Беда неукрепленного, необузданного человеческого сознания в том, что оно, подчас во вред своему обладателю, мечется из стороны в сторону, забредая в такие сферы, откуда ему не выбраться без посторонней помощи: «Что бы ни сделал враг врагу или же ненавистник ненавистнику, ложно направленная мысль может сделать еще худшее», — говорится в Дхаммападе. Персонажи Блэквуда нередко позволяют себе мысленные шатания, опасные еще и тем, что напряженная, страстная, но сбивчивая, а то и сумасбродная мысль способна порождать фантомы, оборачивающиеся против нее самой. Те устрашающе конкретные «мыслеобразы», которые описаны в тибетской «Книге мертвых», могут получить призрачное воплощение не только в потустороннем мире, но и в земной реальности.
Скромный торговец шелками из рассказа «Тайное поклонение» с такой живостью, такой интенсивностью воссоздал свое прошлое, что сразу же вошел в контакт с силами, которые вне этой «игры ума» оставались бы бесплотными тенями минувшего. Школа, где когда-то учился мистер Харрис, давно спалена по приказу старейшин общины, но «двойники, призраки главных участников тех событий, все еще творят свои дьявольские дела». Творят в своем, потустороннем пространстве, в «заколдованном месте», не соприкасающемся с миром людей. Однако достаточно одной неосторожной, опрометчивой мысли, чтобы все эти «братья-дьяволопоклонники» вновь объявились на пепелище своей «школы». И вот мечтательный торговец остается один на один со сборищем «сильных, духовно развитых, но исполненных зла людей… которые и после смерти стараются продлить свое гнусное, неестественное существование», в ситуации, весьма напоминающей атмосферу быличек, где по заброшенной деревне «люди ходят, все как будто живые», а в оскверненной, переоборудованной в склад церкви является женщина «вроде как в саване, волосы длины вот такой». Ожившие призраки, «осененные темной звездой, облеченной всем могуществом духовного зла», набрасывают удавку на шею мистера Харриса, и, лишь мысленно — опять-таки мысленно! — воззвав к таинственному незнакомцу, случайно встреченному им в гостинице, бывший питомец сатанинской школы избавляется от зловещих чар, а заодно и от собственных опасных мечтаний. Стоит ли напоминать, что незнакомцем этим оказывается Джон Сайленс, словно бы заранее предвидевший и ход мысли Харриса, и действия воскрешенных этой мыслью поклонников «брата Асмодея»?

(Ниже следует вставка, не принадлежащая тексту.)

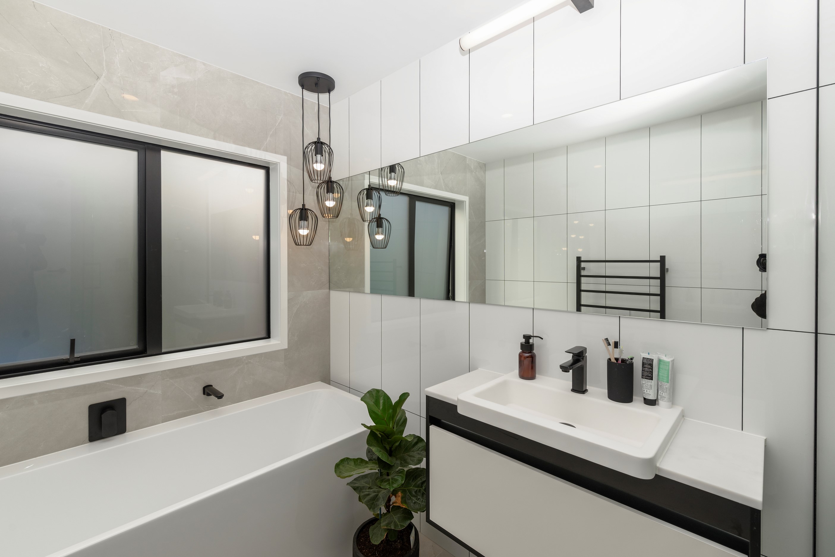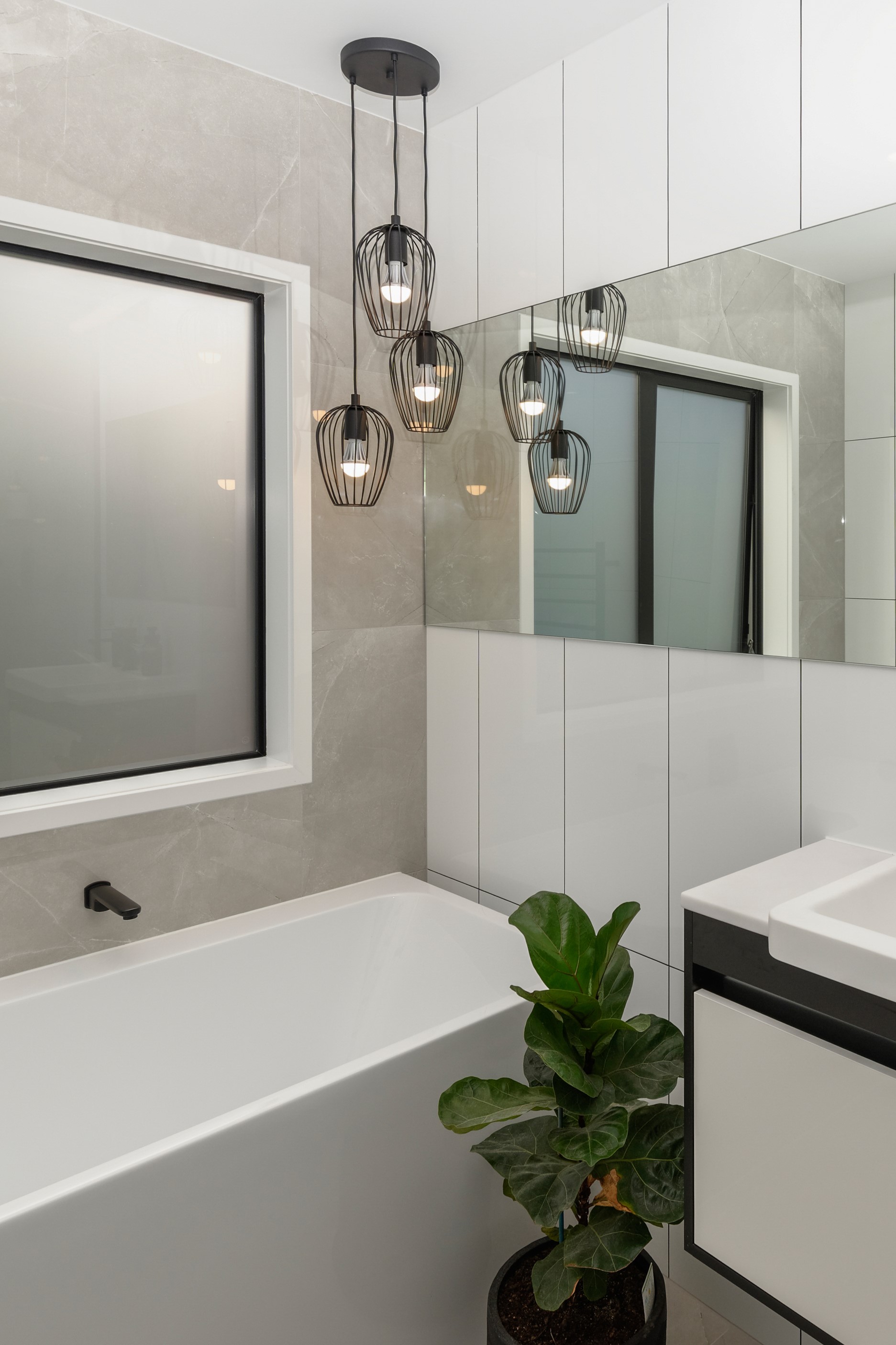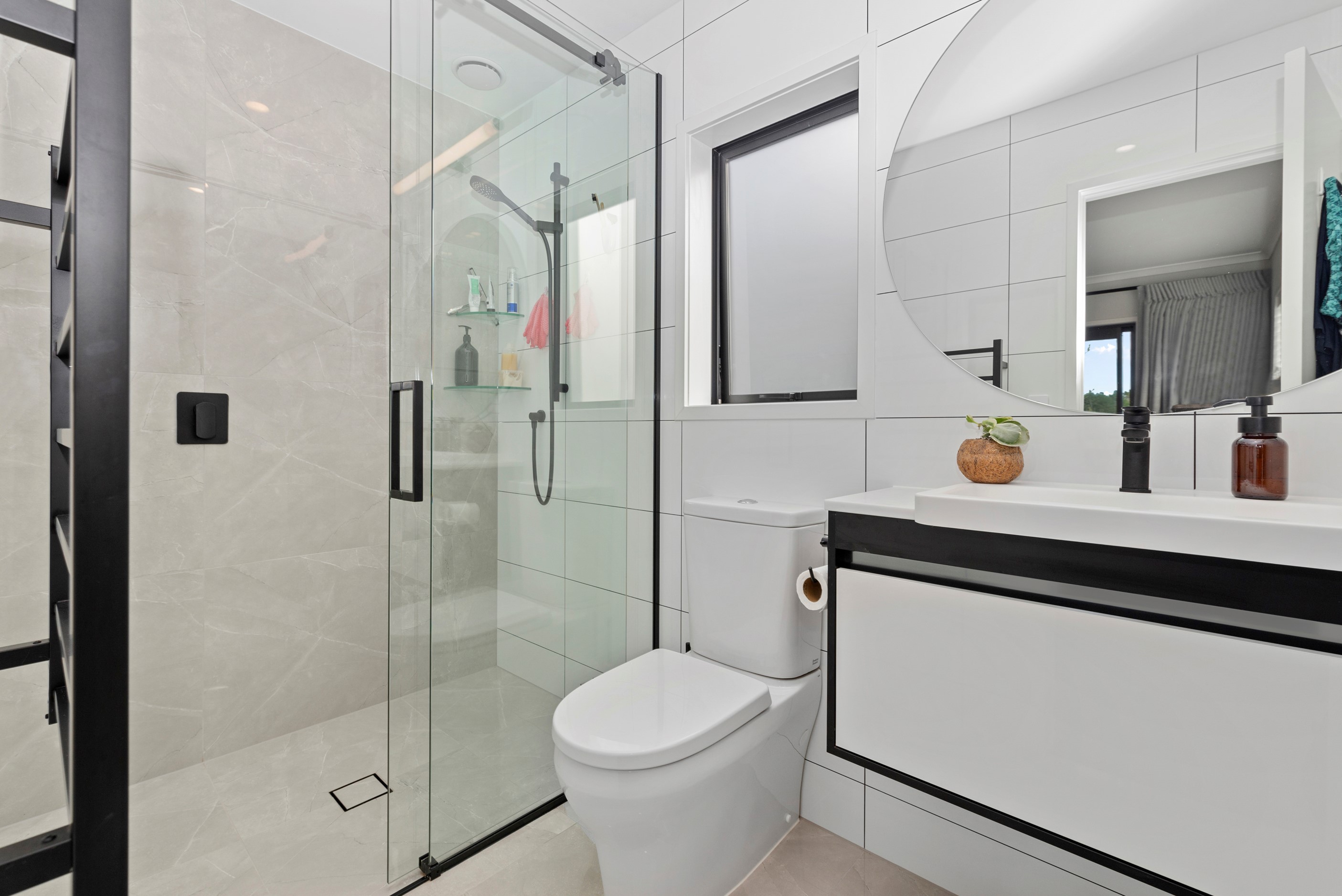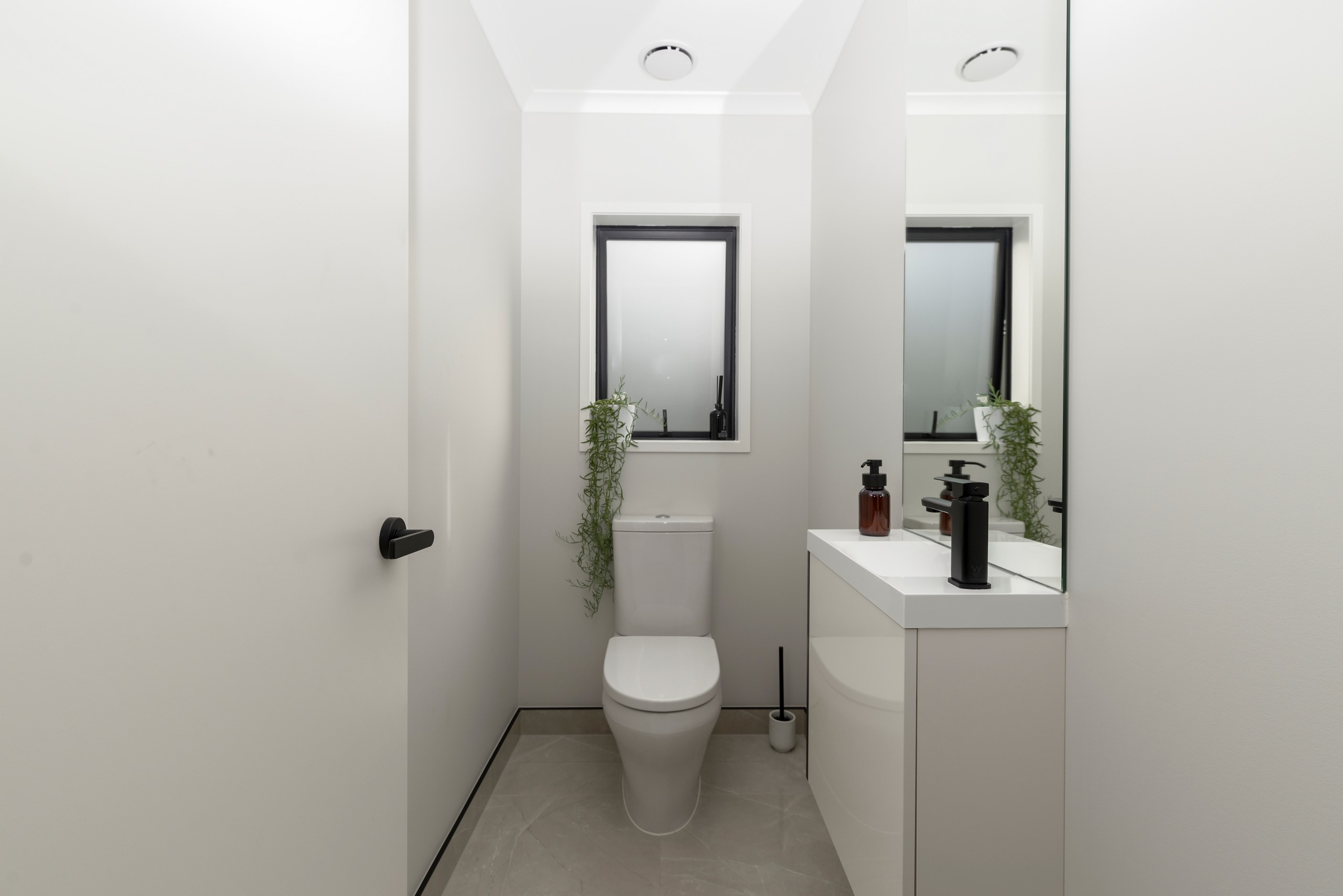 Surprisingly spacious, this stylish home delivers on its promise of being ultrawarm, comfortable and modern. Contrasting timber pavilions, raked ceilings and large windows create elegance and allow oodles of light into the combined kitchen and living area. Clean lines pair with neutral stone benchtops and cabinetry to create timeless sophistication and superb functionality in the space-saving kitchen. The living space opens out to an inviting, generously sized wraparound hardwood deck, which connects with the main and secondary bedrooms. With room for a full suite of outdoor furniture on the sun-soaked deck, this relaxing space provides the perfect setting for family and guests to enjoy socialising. Making the most of its 162sqm footprint, the home offers three double bedrooms, two bathrooms and a powder room, with the main bathroom providing a luxurious retreat to wash away the day. Despite its modest budget, this contemporary home has been finished with premium black detailing and fixtures that put it a class above.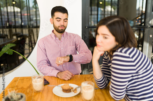 woman, man, 20s, caucasian, young adult, adult, couple, dating, date, boyfriend, girlfriend, partner, cafes, cafes, eatery, table, love, people, lifestyle, talking, bored, boring, sleepy, flirting, angry, upset, fail, annoyed, casual attire, drinking, hot drink, latte, day, beautiful, attractive

Еще один пример спонтанной материализации «мыслеобраза» приведен в рассказе «Лагерь зверя», где дана попытка более или менее вразумительного толкования таинственного феномена, известного под названием «ликантропия», то есть превращение человека в волка. Былички, связанные с ликантропией, известны со времен античности: еще Геродот писал о племени невров, которые «ежегодно на несколько дней обращаются в волков, а затем снова принимают человеческий облик». «Меня эти россказни, конечно, не могут убедить, — добавляет здравомыслящий автор, — тем не менее так говорят и даже клятвенно утверждают это».[13] Слухи о волкудлаках, вервольфах, броксолаксах были распространены по всей Европе. «По русским поверьям, вовкулаки бывают двух родов: это или колдуны, принимающие волчий образ, или простые люди, превращенные в волков чарами колдовства».[14] Слухи и поверья не всегда оставались пустым звуком: так, в 1603 году суд города Бордо приговорил к сожжению Жана и Пьера Гренье вместе с их сообщниками, которые признались, что получили от «Лесного владыки» — всадника в черной одежде и на вороном коне — возможность оборачиваться в волков и в таком обличье рыскали по окрестностям, похищая и пожирая детей.[15]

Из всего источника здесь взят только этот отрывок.